# Gifts for Music Lovers



## michael walsh (Sep 6, 2009)

Ideally, the perfect gift I could buy for a very lovely and musically talented lady friend, would be an item of jewellery with a musical motif. 

1. Does anyone know a mail order firm that might offer such an item? 

2. What gift would you like to buy a friend who appreciates good music?


----------



## SalieriIsInnocent (Feb 28, 2008)

Well for #2. I would buy something like this

http://www.amazon.com/Yellow-Diamond-French-Pendant-Clarity/dp/B001HSOAUK/ref=sr_1_38?ie=UTF8&s=jewelry&qid=1258208294&sr=1-38

or

http://www.amazon.com/Yellow-Diamond-Music-Pendant-Clarity/dp/B001BNP73A/ref=sr_1_19?ie=UTF8&s=jewelry&qid=1258208377&sr=1-19

I looked at lockets that played music, but they were disney or high school musical kids necklaces.


----------



## Lukecash12 (Sep 21, 2009)

You could buy some really great recordings, also.
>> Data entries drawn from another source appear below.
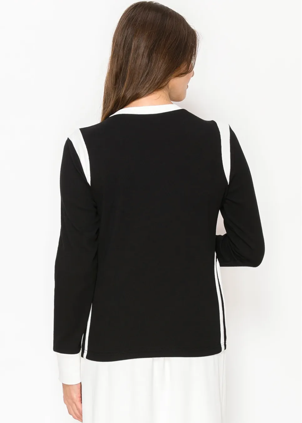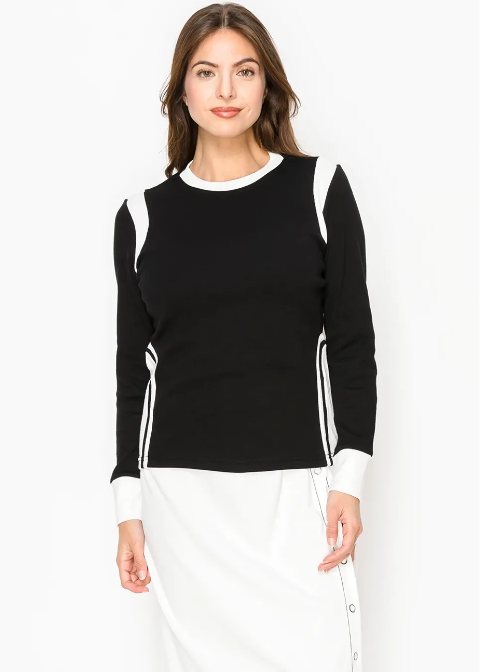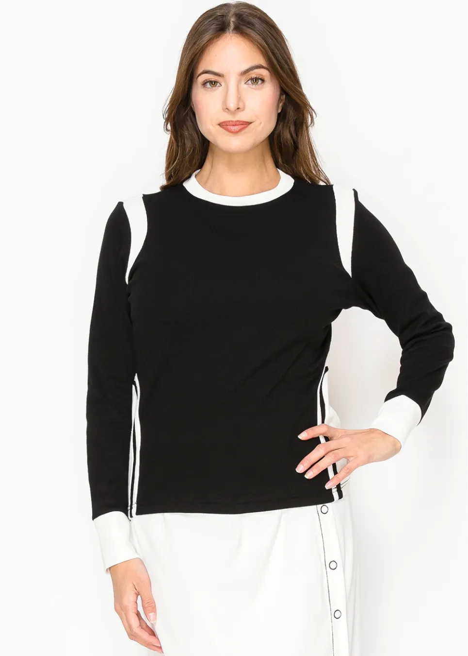 A wardrobe essential with a little something extra. The monochrome contrast details make this black crew neck top stand out while still being easy to wear. Pair it with anything for a polished yet relaxed look.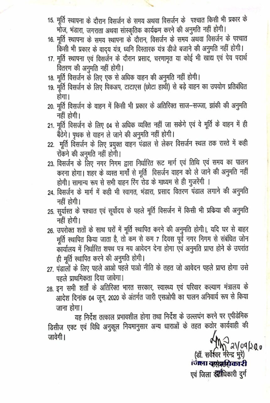 जिला कलेक्टर द्वारा जारी दिशा निर्देशों के मुताबिक मूर्ति स्थापना और विसर्जन के दौरान किसी भी तरह के भोग, भंडारे का आयोजन नहीं होगा। मूर्ति विसर्जन में एक से अधिक वाहन की अनुमति नहीं होगी। बिना मास्क के पंडाल में पहुंचे व्यक्ति के साथ समिति पर भी कार्रवाई होगी। मूर्ति स्थापित करने वाली समिति को थर्मल स्क्रीनिंग मशीन, सेनेटाइजर अनिवार्य रूप से रखना होगा। सोशल डिस्टेंसिंग के लिए बांस बल्ली से बेरिकेडिंग करनी होगी। कलेक्टर द्वारा जारी आदेश में कहा गया है कि कंटेनमेंट जोन में मूर्ति स्थापना की अनुमति नहीं होगी।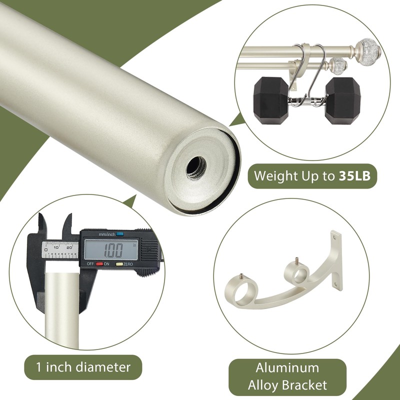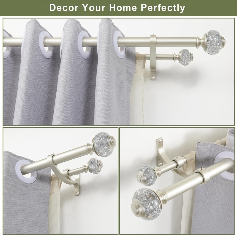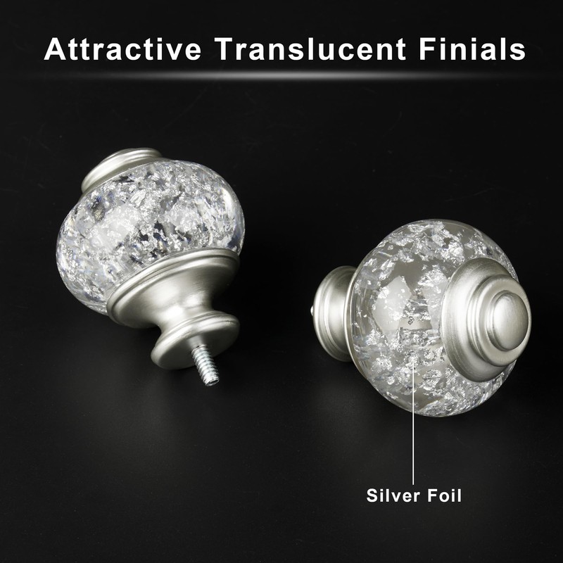 - Attractive Translucent Finials: The decorative translucent finials add a touch of elegance and sophistication that complements any decor style. They will make your house feel more “homey”, enhancing the overall look and feel of your living space. Double curtain rods design offers the flexibility in terms of hanging voile curtain and blackout curtain for both privacy protection and light control

What better for a music lover than music?


----------



## nefigah (Aug 23, 2008)

Or some bitchin' headphones, though something tells me that perhaps encouraging solo listening would be counterproductive in this case


----------



## Yoshi (Jul 15, 2009)

What about a lovely music box?


----------



## michael walsh (Sep 6, 2009)

A happy ending to this one. I never realised just how many online companies are partially or totally focused on offering gifts for lovers of music; yes, real music too. Jewellery .. all kinds of nice things. All I did was google musical gifts. I am really pleased with myself - I presume she will be too. Thanks everyone!


----------



## Merl (Jul 28, 2016)

Why not get her a pair of these gawwwwwjus Beethoven socks? Sooo classy!


----------